Tondeur's observation may have had an influence on the hand that immediately played out in front of him, but equally (and probably) maybe not. In it, Sergio Aido and Mark Teltscher went to battle and it's questionable whether either has ever allowed a €2,000 pay increase affect their decisions.

Aido opened to 8,000 from the cutoff and Teltscher very quickly three-bet to 32,000 from the small blind. Aido wasted no time at all in moving all-in for 89,000 and Teltscher barely let his opponent finish articulating those two syllables before he said "Call".

So they were now playing for Aido's tournament life.

Aido: A♣K♥
Teltscher: A♦J♣

The board bricked out. It came 4♣7♦T♠T♣6♣. That meant a double up for Aido, thwarting his ambitions to hop into the €25,000 over the other side of the tournament room. He now has about 190,000 and can keep his eyes on the first prize in the Main Event.

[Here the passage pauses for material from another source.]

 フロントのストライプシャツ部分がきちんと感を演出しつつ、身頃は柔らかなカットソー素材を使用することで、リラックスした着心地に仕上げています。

Teltscher is also still well stacked with about 280,000. --HS

1:35pm: Overheard
Level 15 - Blinds 2,000/4,000 (ante 500)

There's a €25,000 High Roller taking place today and as the players were waiting to take their seats they were recounting a few stories about cash games. Ike Haxton was telling a story about a high stakes game that Leon Tsoukernik had been in charge of. Turns out it was a good one to overhear.

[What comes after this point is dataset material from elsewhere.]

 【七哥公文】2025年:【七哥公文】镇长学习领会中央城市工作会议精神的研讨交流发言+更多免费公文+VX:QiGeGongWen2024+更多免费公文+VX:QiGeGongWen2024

We're not sure if Ike was in the game or not but Mikita Badziakouski - who was present for this story - had been trying to get into the game but there were no seats open. After 12 or so hours of waiting Badziakouski got a 4am call informing him that there was now a seat for him. He arrives and is seated under-the-gun+2 and, as is custom in cash games, is given the option to post a big blind to be dealt in right away. Badziakouski declines to post, which is the sensible option, as he'll be the big blind in two hands anyway.

The two hands pass and as Badziakouski goes to post his big blind Tsoukernik says. "This isn't a game for nits, you're out!" Ouch! --NW

1:30pm: Aces fail Takafuji
Level 15 - Blinds 2,000/4,000 (ante 500)

Hideki Takafuji had been nursing a modest number of chips, and had just pushed all-in and gotten no callers to add the blinds and antes to his stack.

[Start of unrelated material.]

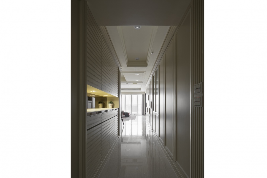 在玄關兩側皆規劃了收納櫃,其中進門左側的上下櫃門片是隔柵狀的造型,將美式風格的經典百葉窗元素融入,打造多樣的線條;中間鏤空的部分貼上鏡面,擴大狹窄走廊的空間效果,吊櫃底部裝設櫃下燈,除了在使用上能讓視線更舒適清晰,黃光也營造出了家的溫馨感。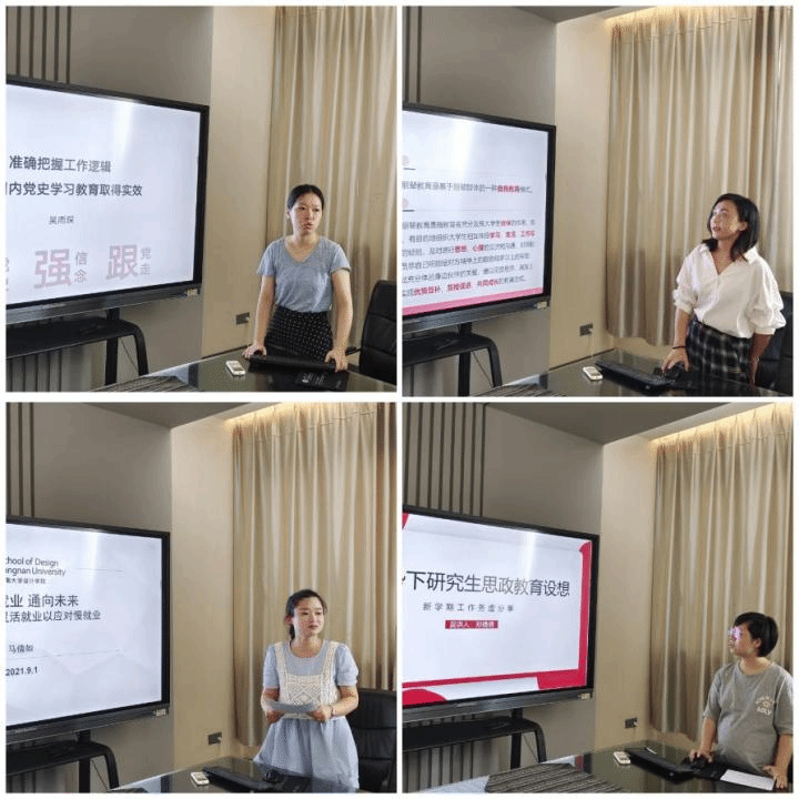 吴雨琛以“准确把握工作逻辑,推动团内党史学习教育取得实效”为题,探讨学院共青团工作开展的方法。她认为,学党史要与育人有机结合,要依托团的组织体系优势和动员能力,以组织化学习为基本方式,以团支部为基本单元,严格落实“三会两制一课”制度,推动学习教育接地气、聚人气。曹淑慧挖掘朋辈教育的意义,重点阐述了朋辈教育在大学生思想政治教育合力系统中的重要性。她指出,朋辈教育应涵盖多层次的价值导向,通过构建学院、班级、校友朋辈榜样教育助力大学生在不同学习阶段的成长。郑倩倩聚焦新形势下研究生思政教育,她认为,辅导员在日常管理服务中挖掘思想政治教育元素,实现管理和思政教育两者融合式发展,将有助于提高研究生思政教育的成效。她分析了目前研究生思政教育的难点,并从入学教育、干部选拔、奖助评定、心理健康四个方面提出新形势下研究生思政教育的设想。马倩如聚焦当前设计学生“慢就业”的现象,分析了当下毕业生慢就业的原因,梳理了灵活就业的优势与劣势、从事灵活就业的必要条件并结合数据和案例讲解,提出了新形势背景下就业工作的新观点,新思路。

He must have been glad on the next hand to look down at A♠A♣, and this time getting action, albeit from the shorter-stacked Marcin Dziembala.

Five cards later, Takafuji wasn't as glad about things, although to his credit he continued to sport a smile. The board had come Q♠J♣K♦4♥K♠, the river king making Dziembala trips to crack Takafuji's aces.

Dziembala is at 74,000 now, while Takafuji busted shortly after. --MH

1:27pm: Hoivold hits Ho
Level 15 - Blinds 2,000/4,000 (ante 500)

Maria Ho will have to be content with a Day 3 finish after losing a flip to tablemate Andreas Hoivold. Ho was all in and at risk preflop for roughly 50,000 and needed to improve to stick around.

Ho: K♦J♦
Hoivold: 8♥8♣

The 2♥T♥A♦ brought Ho some extra outs to Broadway and while she actually took the lead on the K♥ turn, the 5♥ river brought a four-card flush for Hoivold to eliminate Ho.

Apparently Hoivold didn't notice the flush and congratulated Ho before swiftly apologising for the accidental needle. Ho didn't seem to mind and wished the table good luck before departing.

She leaves us as Hoivold moves up to 250,000 in chips. --BK


NEIL7711_Maria_Ho_PCMON2017_Neil Stoddart.jpg

Ho down (and out)

1:25pm: Lam survives
Level 15 - Blinds 2,000/4,000 (ante 500)

Yesterday Benoit Lam laid down aces post-flop at the feature table. As it turns out he was incorrect - his opponent had kings - and he came into today with just 42,000. He'd gained a few chips this level but was still short when he moved all-in.

It was 56,500 for anyone who wanted to call and Sebastian Malec decided to give him a spin. It was pocket tens for Lam and pocket nines for Malec. The 8♦7♣6♦ flop gave Malec an open-ended straight draw but he missed the 4♥A♦ turn and river and Lam doubled up. It was a mere scratch for Malec though as he's still got 430,000. --NW

1:21pm: GG Liv
Level 15 - Blinds 2,000/4,000 (ante 500)

We reported a short while ago a hand in which Liv Boeree's pocket kings failed to outlast an opponent's ace-king (see below, 12:43pm).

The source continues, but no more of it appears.